I can't seem to wrap my mind around the concept of normalization. I am hoping these examples will clarify my understanding.
- If I have a variable A (which has 3 values eg something like A = Sunny, Rainy, Snowy) and 6 variables B, C, D and E, F, G (each have n values lets say) that depend on A. Then would the normalization factor be 1/ all values of A?
- Does the normalization factor always correspond to 1 over sum of all the values of the variable before the bar(in this case X) for P(X|Y, Z, W) If yes, why? If not, how do we decide the normalization factor?
By the definition of conditional probability: For any discretely distributed random variables $X,Y,Z,W$, we have (so long as $\mathsf P(Y{=}y,Z{=}z,W{=}w)>0$) that:$$\mathsf P(X{=}x\mid Y{=}y,Z{=}z,W{=}w)=\dfrac{1}{\mathsf P(Y{=}y,Z{=}z,W{=}w)}\cdot \mathsf P(X{=}x,Y{=}y,Z{=}z,W{=}w)$$
This fraction is called a normalising factor, because it ensures that the conditional probability mass function will have the normal behaviour of a probability mass function: ie We require the sum of probability mass functions over all possible states of $X$ to equal one.
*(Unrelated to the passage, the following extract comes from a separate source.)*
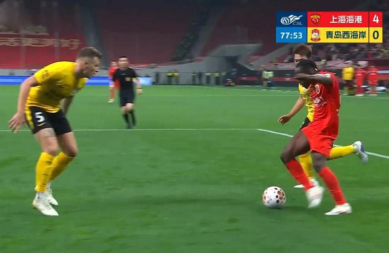 第80分钟,戴维森左路牛尾巴过人,随后外脚背挑传中路,梅米中路包抄头球破门,西海岸扳回一城,1-4!这个配合和进球太精彩了。随后海港换人,李新翔上场,换下安佩姆。
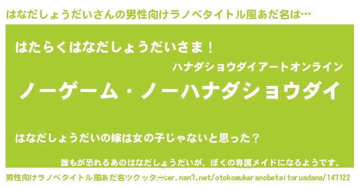 | ヘコむあだ名 | 『はなだしょうだい(小並感)』『はなにゅー』 |

$$\begin{align}1&=\sum_{x\in X(\Omega)}\mathsf P(X{=}x\mid Y{=}y,Z{=}z,W{=}w)\\[2ex]&=\dfrac{1}{\mathsf P(Y{=}y,Z{=}z,W{=}w)}\cdot \sum\limits_{x\in X(\Omega)}\mathsf P(X{=}x,Y{=}y,Z{=}z,W{=}w)\end{align}$$
Of course, this works because the Law of Total Probability states:
$$\mathsf P(Y{=}y,Z{=}z,W{=}w)=\sum\limits_{x\in X(\Omega)}\mathsf P(X{=}x,Y{=}y,Z{=}z,W{=}w)$$
(Really, they are all just different ways of expressing the same thing.)